_Your task_. Skip any image you find and restate the rest of the data word for word.

### The records

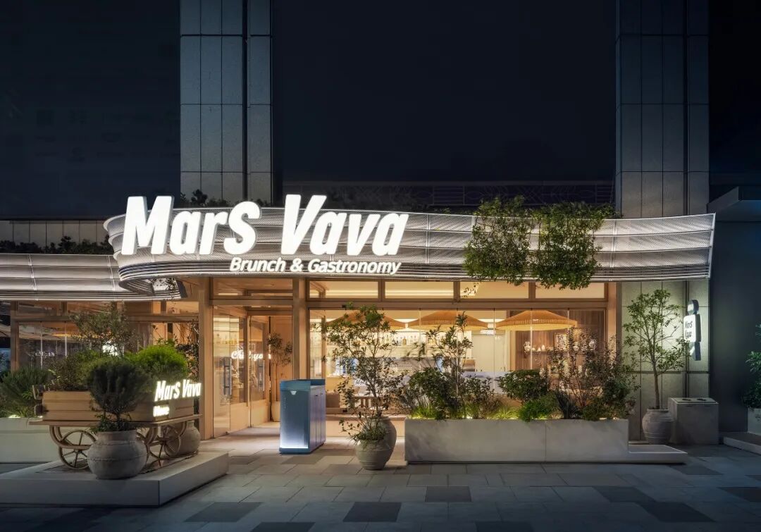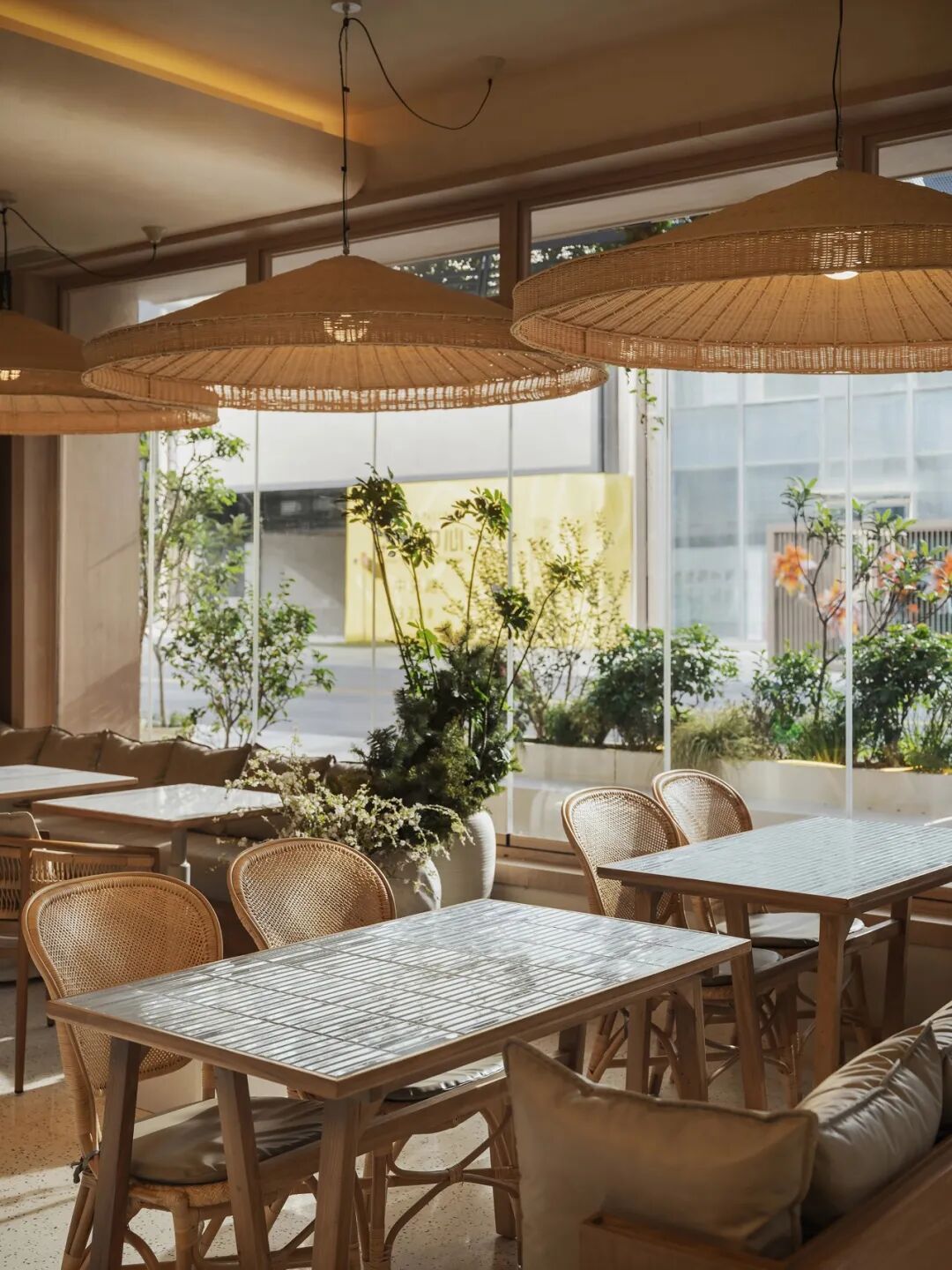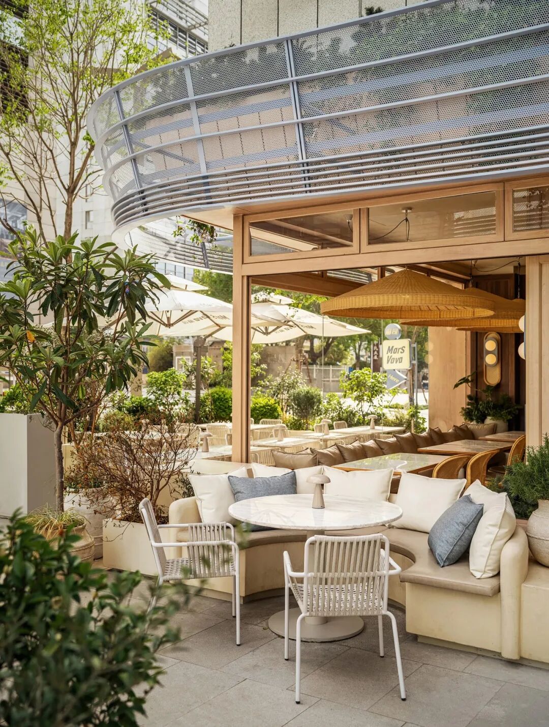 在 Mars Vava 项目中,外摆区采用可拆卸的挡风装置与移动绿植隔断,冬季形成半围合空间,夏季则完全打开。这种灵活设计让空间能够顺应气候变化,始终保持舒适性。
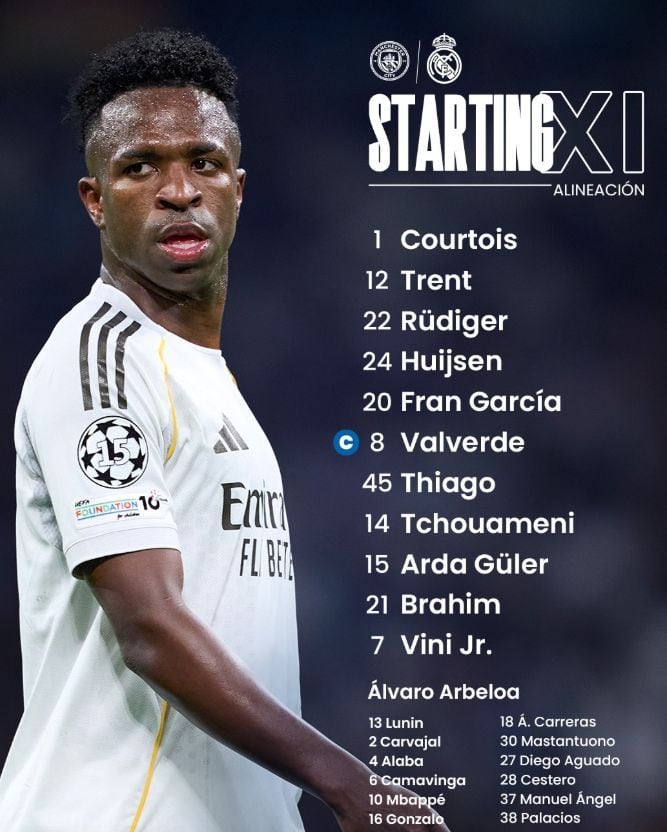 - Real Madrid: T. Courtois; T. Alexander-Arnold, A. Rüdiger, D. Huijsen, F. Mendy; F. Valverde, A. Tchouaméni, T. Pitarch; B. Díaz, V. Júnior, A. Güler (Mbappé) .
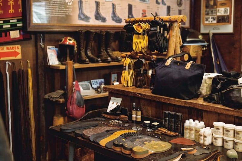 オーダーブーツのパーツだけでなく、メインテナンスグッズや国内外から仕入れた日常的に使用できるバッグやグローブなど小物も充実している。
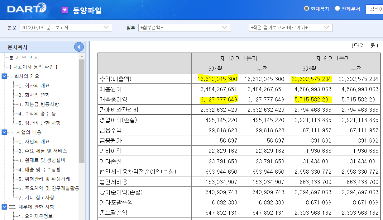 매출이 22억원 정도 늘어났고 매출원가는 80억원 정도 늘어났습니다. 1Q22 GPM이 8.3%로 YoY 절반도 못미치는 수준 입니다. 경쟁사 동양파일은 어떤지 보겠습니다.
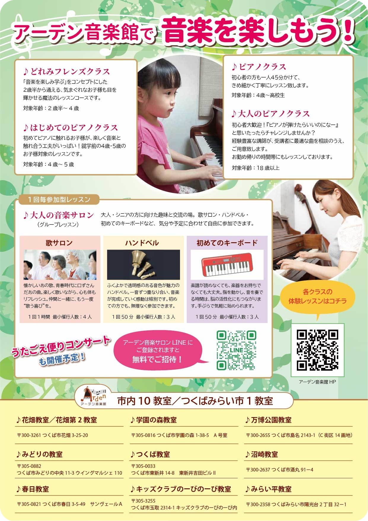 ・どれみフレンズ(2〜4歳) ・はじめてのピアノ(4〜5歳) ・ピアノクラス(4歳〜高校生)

######

_Your solution_.
 在 Mars Vava 项目中,外摆区采用可拆卸的挡风装置与移动绿植隔断,冬季形成半围合空间,夏季则完全打开。这种灵活设计让空间能够顺应气候变化,始终保持舒适性。
 - Real Madrid: T. Courtois; T. Alexander-Arnold, A. Rüdiger, D. Huijsen, F. Mendy; F. Valverde, A. Tchouaméni, T. Pitarch; B. Díaz, V. Júnior, A. Güler (Mbappé) .
 オーダーブーツのパーツだけでなく、メインテナンスグッズや国内外から仕入れた日常的に使用できるバッグやグローブなど小物も充実している。
 매출이 22억원 정도 늘어났고 매출원가는 80억원 정도 늘어났습니다. 1Q22 GPM이 8.3%로 YoY 절반도 못미치는 수준 입니다. 경쟁사 동양파일은 어떤지 보겠습니다.
 ・どれみフレンズ(2〜4歳) ・はじめてのピアノ(4〜5歳) ・ピアノクラス(4歳〜高校生)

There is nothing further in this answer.